Regardless of whether the Son’s artistic preferences have always known to Dad or the announcement was a total surprise, you could consider using it, although it would require you describe how the Father now feels about his past effort (perhaps by changing “felt” to “wondered”) because otherwise it will seem as if the Father is still trying to convince the Son:

“John accepted his son's choice but was really upset and wondered if he’s just been beating a dead horse for all these years.

beat a dead horse US informal (UK informal flog a dead horse)
to waste effort on something when there is no chance of succeeding ...

(from Cambridge Dictionaries Online)


I know this question has an accepted answer, but I had a need for a similar phrase (in a slightly different context). I settled on paraphrasing Shakespeare, the original being "All sound and fury, signifying nothing." Wikipedia - Macbeth, Act 5 Scene 5.

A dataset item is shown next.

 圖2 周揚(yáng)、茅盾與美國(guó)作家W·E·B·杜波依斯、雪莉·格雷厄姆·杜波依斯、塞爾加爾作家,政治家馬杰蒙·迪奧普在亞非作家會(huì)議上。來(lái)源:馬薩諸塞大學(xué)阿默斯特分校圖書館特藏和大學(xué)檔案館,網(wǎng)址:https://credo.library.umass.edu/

In the father/son context, "John accepted his son's choice, but saw that his words had been only sound and fury, resulting in nothing." Not perfect for this context, but a nicely poetic idiom nonetheless.


His efforts went down a rathole

DOWN THE RATHOLE idiom (chiefly AmEng)

For a worthless purpose or purposes: Seeing your inheritance disappear down the rathole.

Random House Webster’s Unabridged Dictionary

The metaphor comes from old farmhouses and settlers' cabins with wooden floors. Inevitably, holes would appear as knots dropped out of the surrounding wood. The holes were called "rat holes" because rodents used them for coming and going.